How Does Fission Energy Maximize with Equal Division of Charge and Mass?

[stunner5000pt]

Homework Statement

For a nucleus described by the semi-empricial mass formula show that neglecting the pairing and the sassymmetry terms the energy released in fission into two ffragments is a macximum for equal divison of charge and mass. For what value of Z^2/A does this division become favourable energetically? How might the inclusion of the asymmetry term change these results?? (discuss qualitatively)?

Homework Equations

The semi empirical mass formula is
E_{B} = a_{V} A - a_{S} A^{2/3} - a_{C} \frac{Z(Z-1)}{A^{1/3}} - a_{A} \frac{(A - 2Z)^{2}}{A} + \delta(A,Z)

since we are ignoring the pairing and symmtery terms, we ned not care about the last two terms

The Attempt at a Solution

For a fission reaction like

^A_{Z} X \rightarrow ^{A-\alpha}_{Z-\zeta} Y_{1} + ^{\alpha}_{\zeta}Y_{2}

the eenrgy released in this reaction Q is given by the differenc ein teh binding energies of the reactant and the product

Q = B_{0} -B_{1}-B_{2}
B_{0} = a_{V} A - a_{S} A^{2/3} - a_{C} \frac{Z(Z-1)}{A^{1/3}}

B_{1} = a_{V} (A-\alpha} - a_{S} (A-\alpha)^{2/3} - a_{C} \frac{(Z-\zeta)(Z-\zeta-1)}{(A-\alpha)^{1/3}}

B_{2} = a_{V} \alpha - a_{S} \alpha^{2/3} - a_{C} \frac{\zeta(\zeta-1)}{\alpha^{1/3}}

Then our Q valu becomes

Q = B_{0} -B_{1}-B_{2} = -a_{S} \left[ A^{2/3} - (A-\alpha)^{2/3} -\alpha^{2/3}\right] - a_{C} \left[ \frac{Z(Z-1)}{A^{1/3}} - \frac{(Z-\zeta)(Z-\zeta-1)}{(A-\alpha)^{1/3}} - \frac{\zeta(\zeta -1)}{\alpha^{1/3}} \right]

Now i need to show somehow that if A-\alpha = \alpha and Z-\zeta=\zeta, then this value of Q is maximized. So thjis is what I am wondering about... should i differentiate Q wrt zeta or alpha?? Neither of them are constant and in fact one depends on the other...

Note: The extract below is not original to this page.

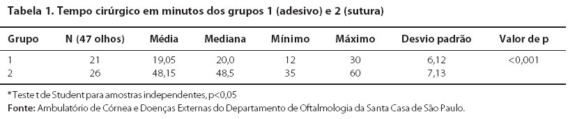 O tempo médio de cirurgia foi de 19,05 ± 6,12 minutos no grupo 1 (adesivo) e 48,5 ± 7,13 minutos no grupo 2 (sutura) com p<0,001 (Tabela 1).
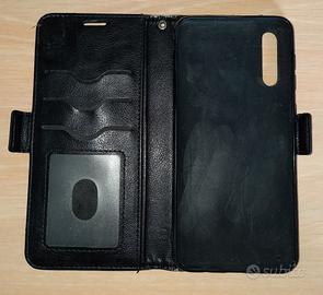 Cover in pelle nera a portafoglio per Samsung A50 in buono stato.

TO show the rato of Z^2/A to make the divsion energetically favourable

welll if this was to be enrgetically favourable hten the Q value would have to be >0. And for an equidivision of both charge, Z and mass, A, and Q = 0

-a_{S}A^{2/3} + a_{C} \frac{Z(Z-1)}{A^{1/3}} =0
\frac{a_{S}}{a_{C}} = \frac{Z(Z-1)}{A}

for an approxiamtion lie.. are we supposed ot assume that Z>>1?? After all the SEMF only works well for large value of A and Z...

Inclusion of the asymmetry term

Now the ratio of Z^2/A would be obviously skewed by the fact taht the Neutron number is playing a role. For N=Z the asymmtery term would not play a role. However N > Z the value of Q becomes more favourable?? Ill add the reasoning for this guess later on

thanks for any help!

 

[stunner5000pt]

bump

 

[malawi_glenn]

bump

Does this mean that you solved the problem?

 

[stunner5000pt]

Does this mean that you solved the problem?

unfortunately ... no

 

[malawi_glenn]

Well a hint: A = N + Z, that makes the differentiation of Q easier, if you now want to proove that max Q is obtained when fission is done into equal masses and charges.

 

[stunner5000pt]

Well a hint: A = N + Z, that makes the differentiation of Q easier, if you now want to proove that max Q is obtained when fission is done into equal masses and charges.

iwas wondering if there is a 'cleaner' way of doing this problem??

 

[malawi_glenn]

"So thjis is what I am wondering about... should i differentiate Q wrt zeta or alpha?? Neither of them are constant and in fact one depends on the other...
"

Well i would do the same thing you came up with, then express A in terms of N and Z, then differentiate.